Яна набирает полную грудь неподвижного воздуха, пахнущего нефтью и гнилой осокой, и дядь Юра вдруг перестает мять ее руку. В его шее что-то громко щелкает, когда он поворачивает голову. Ледяные шарики глаз с блеклым хрустом прокатываются в глазницах, и дядь Юра впервые смотрит на нее по-настоящему.

— Он не придет, да? — хрипло спрашивает он. — Он уже здесь.

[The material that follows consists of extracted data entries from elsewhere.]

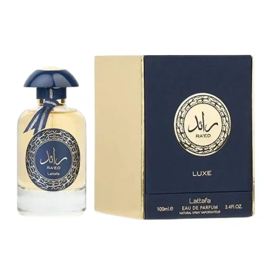 Ra'ed Luxe de Lattafa Perfumes es una fragancia de la familia olfativa Ámbar Especiada para Hombres y Mujeres. Ra'ed Luxe se lanzó en 2019. Las Notas de Salida son enebro de Virginia, piña, sandía, jazmín, pimienta rosa y flor de la acacia de Constantinopla (árbol de la seda); Las Notas de Corazón son lavanda, salvia, notas herbales y canela; Las Notas de Fondo son Hielo, fresa, ámbar, vetiver, vainilla, almizcle, haba tonka, sándalo y castaña.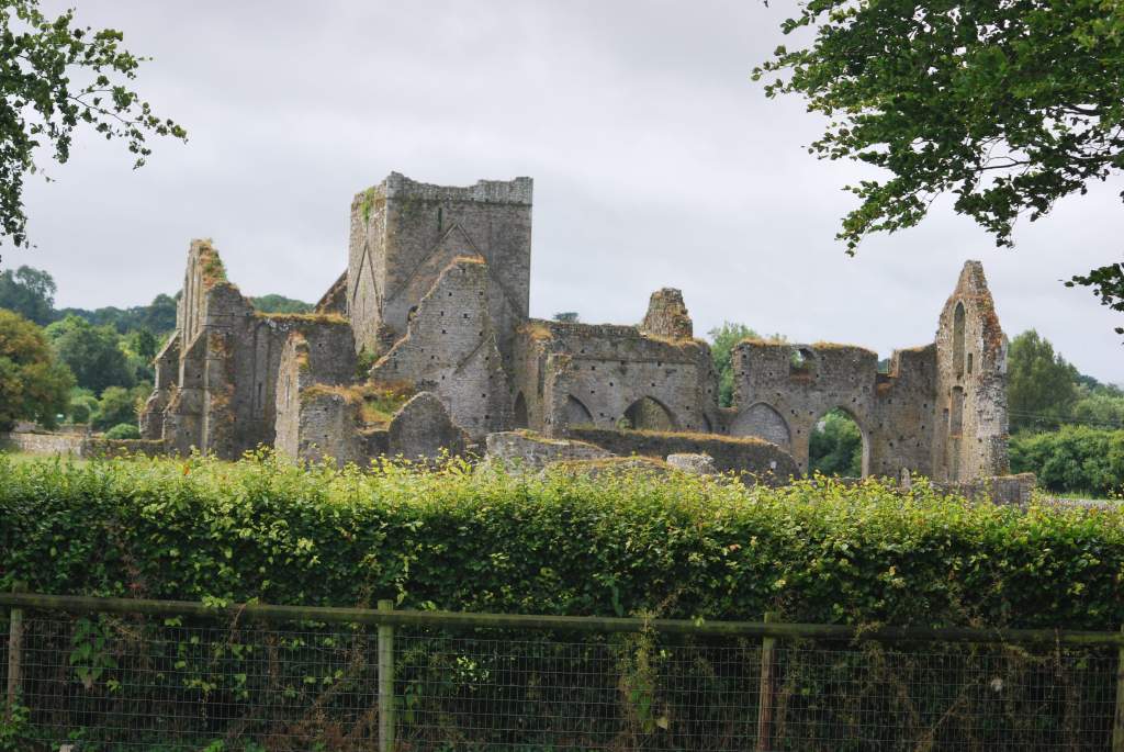 Then, we nosey along in our home on wheels to Cashel. I’m pleased to be camping my own clan’s small site, which sits beside their farm. O’Brien’s Campsite is opposite an imposing monastic ruin, Hore Abbey. I wander around it when the sun makes brief appearances in between wind blowing me off my feet and rain pelting me.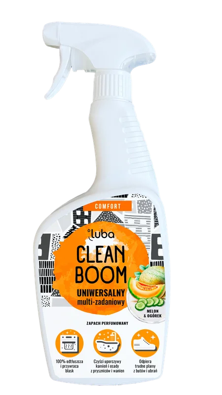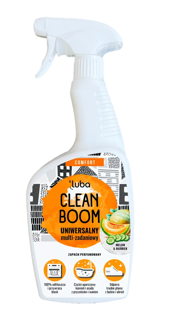 Luba Comfort Clean Boom to uniwersalny płyn do czyszczenia, dostępny w wariancie zapachowym melon i ogórek. Produkt przeznaczony do skutecznego czyszczenia różnych powierzchni w gospodarstwie domowym. Dzięki swojej formule, ułatwia usuwanie zanieczyszczeń. Płyn charakteryzuje się przyjemnym zapachem, który pozostaje na czyszczonych powierzchniach. Zaleca się stosowanie zgodnie z instrukcją na opakowaniu, aby uzyskać najlepsze rezultaty w czyszczeniu.Składniki/Ingredients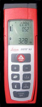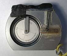 Mit einem Laserpointer, der vertikal drehbar an einem Topofil befestigt ist, können auch bei steilen Peilungen exakte Kompasswinkel abgelesen werden.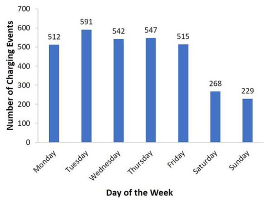 Bar graph comparing the number of charging events which occurred on each day of the week

Он смотрит на нож. Нож тяжелый, как кирпич, и когда Яна поднимает его, мышцы мелко дрожат от напряжения. Ее рука движется сама по себе, с треском раздвигая замороженный воздух, ее рука поднимается и вытягивается, приближаясь к цели. Лезвие упирается в препятствие. Яну окатывает жаром, а нож вдруг продолжает движение, и теперь оно трудное и медленное, словно сквозь кисель.

— Дрянь! — от визга дядь Юры звенит в ушах. Рука Яны разжимается; из бесконечного далека доносится хруст, с которым нож вонзает в песок. Мокрая, обжигающе-ледяная ладонь обрушивается на скулу, и Яна валится на песок. Перед глазами мелькает рукоятка из оленьего рога, и нога в блестящем черном ботинке тут же отметает ее прочь. Песок взметается россыпью звезд и режет глаза. Сквозь сверкающую, ослепительно-белую боль Яна смотрит, как клетчатая рубашка на дядь Юрином животе намокает черным, и запах нефти и железа становится оглушительным.

— Дрянь! — доносится сверху. На Яну рушится что-то огромное, черное, блестящее, как вороньи крылья, и она успевает скорчиться, а потом страшный удар выбивает ее из скрюченного тела, и она летит, как в мультике, далеко-далеко, до самого моря.